Press Release

DBRS Morningstar Confirms Ratings on CES Energy Solutions Corp. at B (high) with Stable Trends

Energy
December 10, 2019

DBRS Limited (DBRS Morningstar) confirmed the Issuer Rating and Senior Unsecured Notes (the Senior Notes) rating on CES Energy Solutions Corp. (CES or the Company) at B (high). All trends remain Stable and the recovery rating on the Notes remains at RR4. CES’s leading market position in Canada and its growing market position in the United States; continued growth in its more stable production and specialty chemical (PSC) segment; and robust credit metrics for the current ratings underpin the rating confirmation. The Stable trends reflect DBRS Morningstar’s view that CES’s key credit metrics will continue to support the ratings over the next 12 months.

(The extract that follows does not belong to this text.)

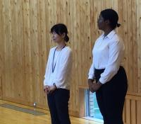 新しいALTの先生、特別支援教育地域サポートの先生の紹介式がありました。

The North American oilfield services segment faced a challenging operating environment in 2019. Market-access issues caused declining activity levels in Canada while oil and gas (O&G) producers in the U.S. have also cut back on capital expenditures (capex) in Q3 2019 as they focus on operating within cash flow. However, CES increased market share at its U.S. PSC and drilling fluid (DF) businesses and, while declining activity levels negatively affected its Canadian DF business, the Company’s relatively more stable PSC business in Canada gained market share. The Company also rationalized its cost structure, especially at its Canadian business. Consequently, CES generated similar operating cash flow (OCF) during the first nine months (9M) of 2019 as in 9M 2018, despite relatively flat service pricing and inflated input costs. The Company completed major expansion projects in 2018 and reduced working capital which, coupled with materially lower capex, allowed CES to generate a significant cash flow surplus. The Company used most of this surplus to reduce debt, which improved its key credit metrics.

DBRS Morningstar expects CES’s operating environment to remain challenging in 2020. DBRS Morningstar’s 2020 outlook for activity levels in Canada remains weak as O&G producers will likely not increase capital spending without greater clarity on market-access issues. DBRS Morningstar also expects O&G producers in the U.S. to exercise more capital discipline in 2020 and anticipates that lower activity levels and relatively flat service pricing will result in a marginal OCF reduction. However, the Company’s relatively low capex should allow it to generate a cash flow surplus. DBRS Morningstar expects CES’s key credit metrics to remain supportive of the ratings and notes that the Company’s overall financial risk profile improved over the last year with adequate headroom to withstand short-term weakness in activity levels.

DBRS Morningstar deems CES’s liquidity profile to be adequate with sufficient availability of $170.0 million and USD 50.0 million under its revolving credit facilities. DBRS Morningstar notes that, during a slowdown, the Company monetizes its working capital, which typically reduces the draws on the credit facilities and partially offsets the impact of lower cash flow on key credit metrics. While DBRS Morningstar does not expect any further rating action on CES over the next 12 months, DBRS Morningstar may consider a negative rating action if the Company’s key credit metrics deteriorate materially because of a sustained drop in activity levels.

Notes:
All figures are in Canadian dollars unless otherwise noted.

The principal methodologies are Rating Companies in the Oil and Gas and Oilfield Services Industries, DBRS Criteria: Guarantees and Other Forms of Support, DBRS Criteria: Recovery Ratings for Non-Investment Grade Corporate Issuers, and DBRS Morningstar Criteria: Rating Corporate Holding Companies and Parent/Subsidiary Rating Relationships, which can be found on dbrs.com under Methodologies & Criteria.

The related regulatory disclosures pursuant to the National Instrument 25-101 Designated Rating Organizations are hereby incorporated by reference and can be found by clicking on the link under Related Documents or by contacting us at info@dbrs.com.

The rated entity or its related entities did participate in the rating process for this rating action. DBRS Morningstar had access to the accounts and other relevant internal documents of the rated entity or its related entities in connection with this rating action.